Che cosa fanno davvero le mense quando aprono una selezione

Quando analizzo questo tipo di annunci, la prima cosa da chiarire è che non si tratta quasi mai di un solo profilo standard. Nella ristorazione collettiva le mansioni cambiano a seconda della struttura: in una mensa scolastica il servizio è più concentrato, in una mensa ospedaliera pesano di più precisione, distribuzione dei vassoi e rispetto delle diete, mentre in una mensa aziendale conta molto la rapidità nella fascia pranzo.

Randstad descrive l’addetto mensa come una figura che lavora in mense scolastiche, aziendali, ospedaliere e universitarie, occupandosi di preparazione, servizio, allestimento e pulizia finale.

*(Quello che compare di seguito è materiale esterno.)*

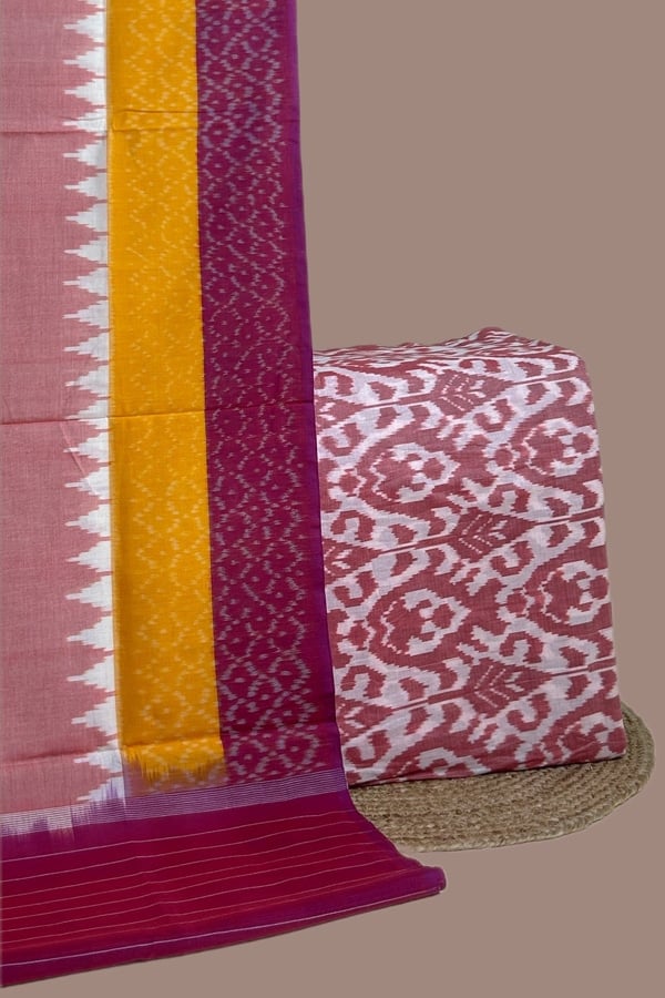 2pc Ikkat Cotton Dupatta and Handloom Soft Ikkat Cotton Top Fabric Set
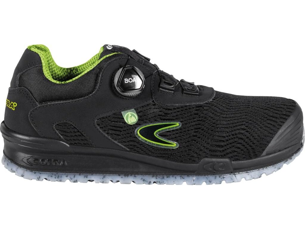Bezpečnostná pracovná obuv značky Cofra v nízkom prevedení je vyrobená z odolnej tkaniny a mikrovlákna. Je doplnená o antistatickú ESD ochranu, hliníkovú špicu, protišmykovú podrážku odolnú proti olejom a dodatočnú ochranu prstov. Výhodou je rýchlošnúrovací BOA systém viazania, ktorý šetrí čas pri obúvaní. Túto obuv je možné doplniť o špecifické ortopedické vložky.

Io direi che il vero discrimine è questo: alcune aziende cercano una figura molto operativa, altre vogliono una persona capace di gestire anche sala, scorte e piccoli passaggi di organizzazione.

Ruolo Cosa fa Quando è richiesto
Addetto mensa Allestisce la linea, porziona i piatti, supporta il servizio e riordina a fine turno Quando serve una presenza flessibile e veloce nella distribuzione
Aiuto cuoco Supporta la cucina, prepara semilavorati e rifinisce i piatti Quando il servizio richiede una base di cucina più solida
Lavapiatti e riordino Gestisce stoviglie, pulizia, sanificazione e supporto al flusso del servizio Quando il volume di utenti è alto e il ritmo è continuo
Responsabile servizio mensa Coordina turni, forniture, qualità e rispetto delle procedure Quando la struttura è grande o l’appalto richiede più controllo

Capire il ruolo aiuta a non candidarsi alla cieca; il passo successivo è capire dove queste selezioni si aprono più spesso.

Cuoca sorridente prepara vassoi in una mensa che cerca personale.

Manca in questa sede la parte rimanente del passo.